After his expected Nf4 I planned to exchange rooks and thought that the arising endgame should be good for me. I consider his g5 a mistake, though computer doesn’t think so. The problem is, he usually plays very aggressively, but this is not a position for that. Qg6 was a mistake, he had to exchange light pieces, N vs. B endgame is a draw. Interesting that I thought that I could win it because of his bad bishop, but actually it is bad only on a queenside, as most of the shootouts end in a draw.
His Qf7 and Kg6 were mistakes too, I think he underestimated my chances. After 34. Nf3 I expected Qf6 and was very surprised when he quickly played Qf5 and went away. I checked everything and played Nh4+. When he came back he realized that he blundered and resigned.
January 18, 2015
My opponent was a boy, his rating rose 300 points since we played 2 years ago, I won then. I got White and replied with my usual Moscow variation to his Sicilian. In this game I decided not to play my regular 5. c4 and chose more quiet line. It was a very positional struggle until I played 34. f5. He could play 34. bxc3 35. bxc3 Qb6 36. fxe6 Rxe5 37. fxe6 with pretty much equal position, but played Qb5. Then he made another mistake playing Rxe5. I saw that I could play 36. Qa8+ and then take on f7, but thought that he has Rf5. What I didn’t see was Qe4 and then g6 loses because of Qe8. It was a golden opportunity which I missed.
So after I won a pawn his counterstrike a3 made the game equal. I had to take care of his “c” pawns and it became a completely drawn position. During the post-mortem we still did not see 36. Qa8+ winning the game.
January 7, 2015
Posted by rollingpawns under chess
, chess endgames
| Tags: Pirc defense
It was a first round. My opponent was a guy rated 100 higher, I lost to him two months ago. So, I got White and he played Pirc defence. Usually I am not very good against it, so I was careful. After Bxd5 I thought that my bishop is not better than his knight and decided to exchange it. Then I went for queens exchange.
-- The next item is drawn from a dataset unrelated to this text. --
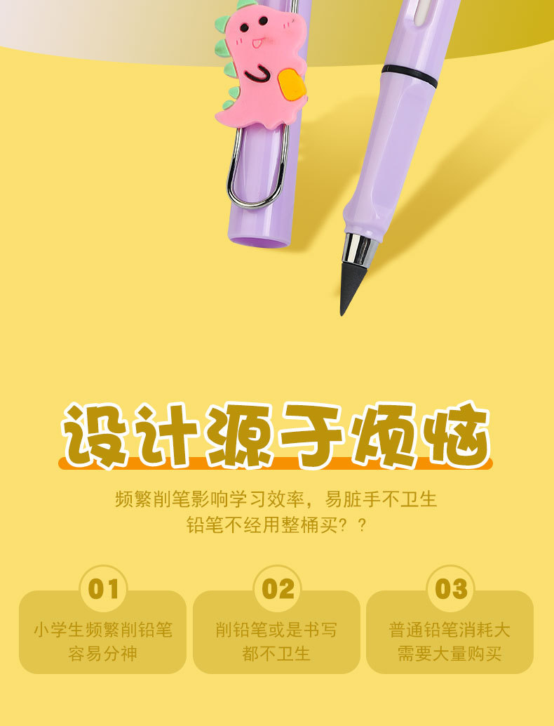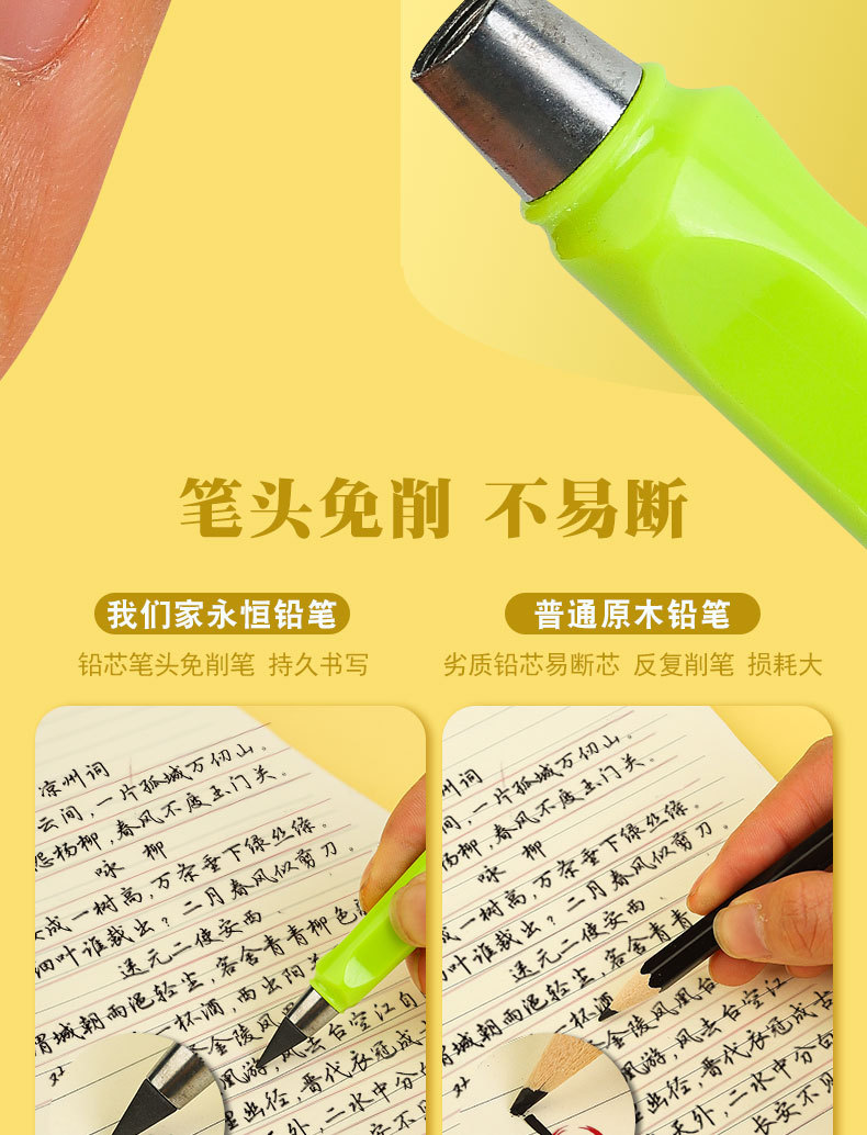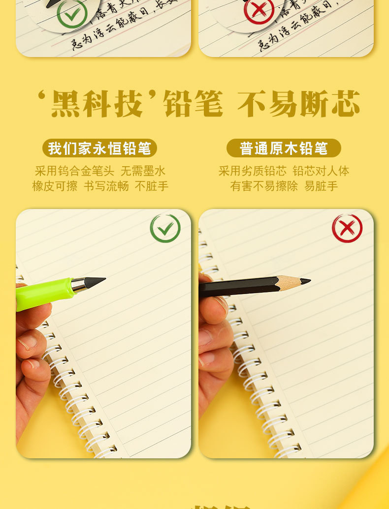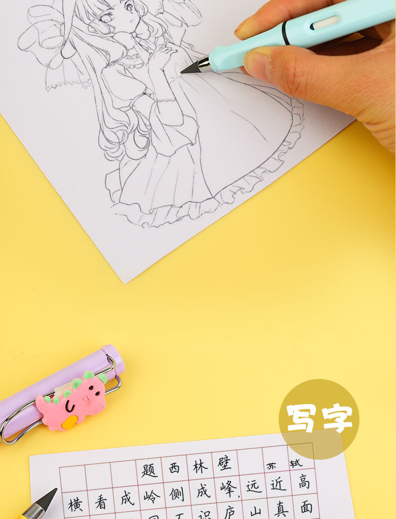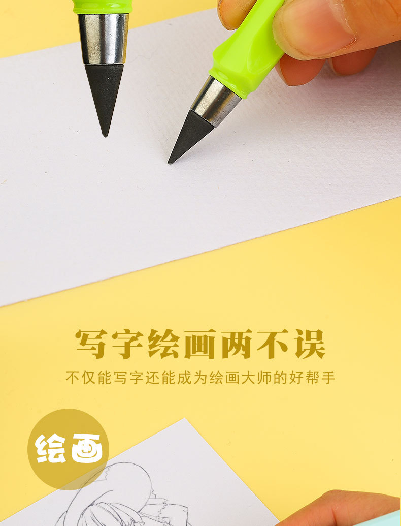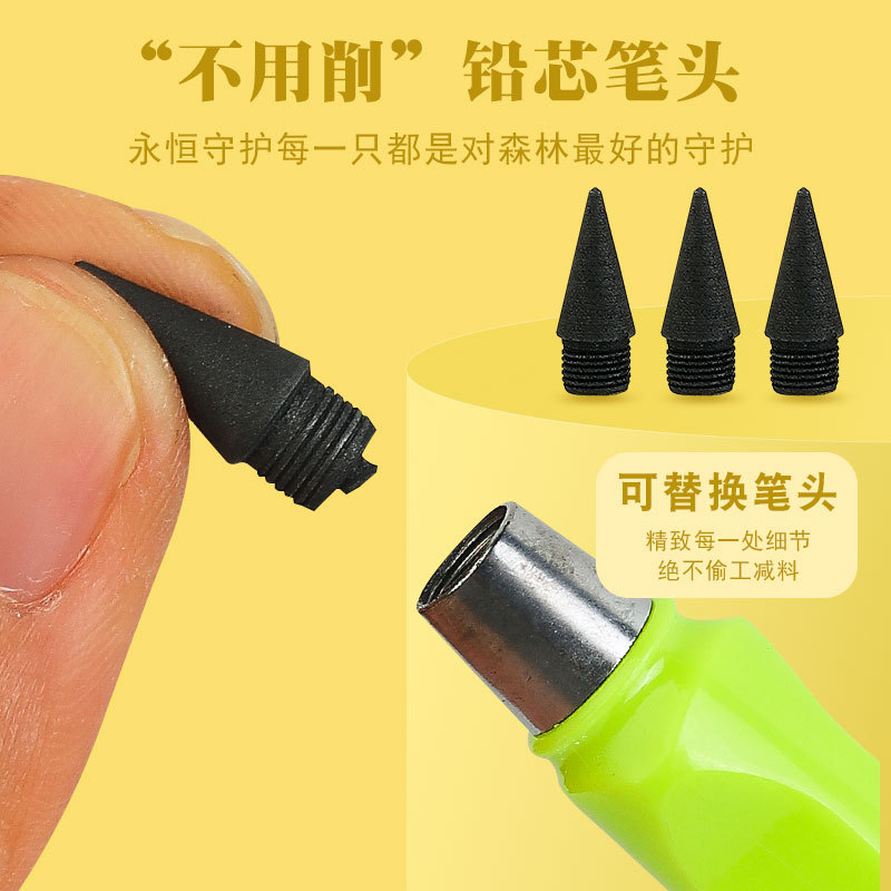 卡通黑科技免削铅笔无墨水正姿永恒铅笔绘画写字可擦写不断铅笔

I knew that he will play f5 at some point to attack e4 pawn, c4 was also planned. Then after Bg6 game became sharper. I had to be careful to play the right moves. Bd3 forced me to think for some time until I realized that he is losing a pawn. This was probably a classical example of overstretching, he wanted to win too much. Fritz recommends Ng7 instead of Ng3, it just seemed risky to me to put my knight there. Ng7 wasn’t winning anyway. Kd3 was a blunder, though Fritz doesn’t think so. It is actually a draw here anyway. I was getting tired, as we were playing already for 4 hours.
After 65. Na7 I asked TD if it would be a draw if I take the pawn and he said he is not sure. Actually I can blunder my bishop and it would be a win for him, right. So, I didn’t do it. Then after 68 moves I got a bit angry with him continuing to play for a win, said: “OK, let’s play” and took the pawn. Then I told him that I will be giving checks with my bishop. Usually I do not behave like that, it’s just I thought that his behavior was on the boundary of no respect for his opponent. After a few moves I saw that he can’t do anything and calmed down. Then he realized the same and offered a draw. It was midnight already.